Step 3: Compute \(u_1, ..., u_k\in\mathbb{R}^n\) the \(k\) orthogonal principal eigenvectors of \(\Sigma\), i.e. the orthogonal eigenvectors of the \(k\) largest eigenvalues.
Step 4: Project the data on \(\textrm{span}_\mathbb{R}(u_1,...,u_k)\).
This procedure maximizes the variance among all \(k\)-dimensional spaces.
Independent component analysis
It is a technique meant to find the underlying generating sources.
- Assumptions: We assume that our data \(x\) has been generated by the \(n\)-dimensional source vector \(s=(s_1,...,s_n)\), where \(s_i\) are independent random variables, via a mixing and non-singular matrix \(A\) as follows:
\[ \boxed{x=As} \]
The goal is to find the unmixing matrix \(W=A^{-1}\).
Bell and Sejnowski ICA algorithmThis algorithm finds the unmixing matrix \(W\) by following the steps below:
Write the probability of \(x=As=W^{-1}s\) as: \[ p(x)=\prod_{i=1}^np_s(w_i^Tx)\cdot|W| \]

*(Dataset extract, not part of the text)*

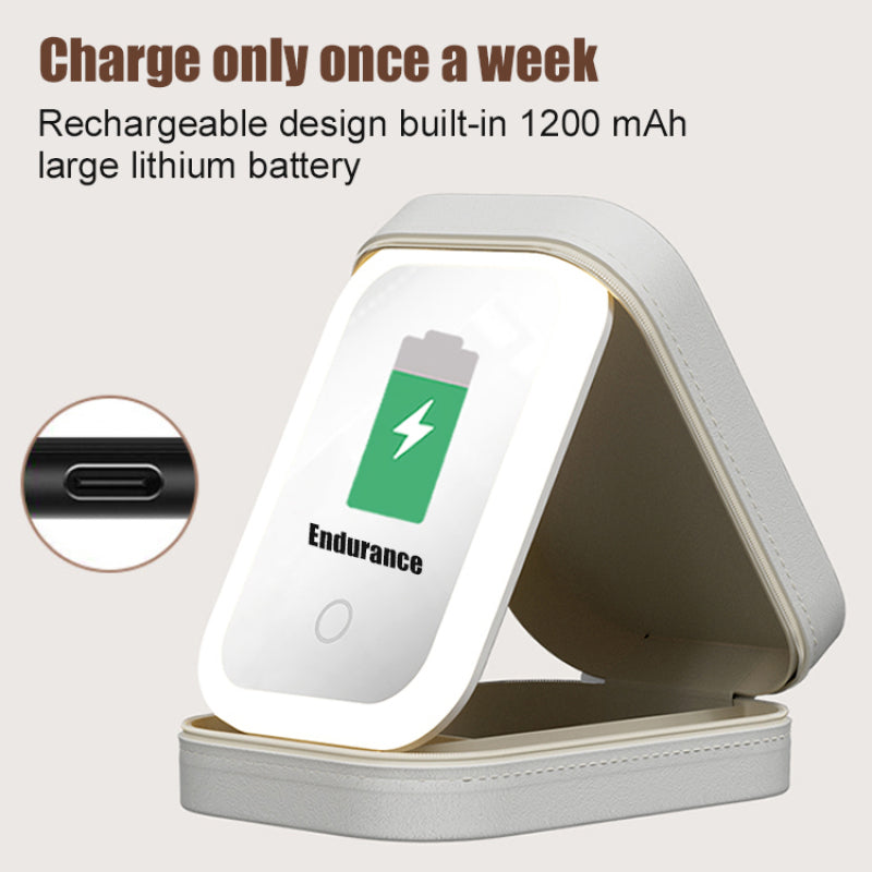 This LED Complementary Jewelry Box combines a high-definition mirror with smooth LED lighting for flawless makeup application. It’s compact, portable, and easy to use, with touch-activated lighting and three color temperature options. -

Write the log likelihood given our training data \(\{x^{(i)}, i\in[\![1,m]\!]\}\) and by noting \(g\) the sigmoid function as: \[ l(W)=\sum_{i=1}^m\left(\sum_{j=1}^n\log\Big(g'(w_j^Tx^{(i)})\Big)+\log|W|\right) \]
Therefore, the stochastic gradient ascent learning rule is such that for each training example \(x^{(i)}\), we update \(W\) as follows: \[ \boxed{W\longleftarrow W+\alpha\left(\begin{pmatrix}1-2g(w_1^Tx^{(i)})\\1-2g(w_2^Tx^{(i)})\\\vdots\\1-2g(w_n^Tx^{(i)})\end{pmatrix}{x^{(i)}}^T+(W^T)^{-1}\right)} \]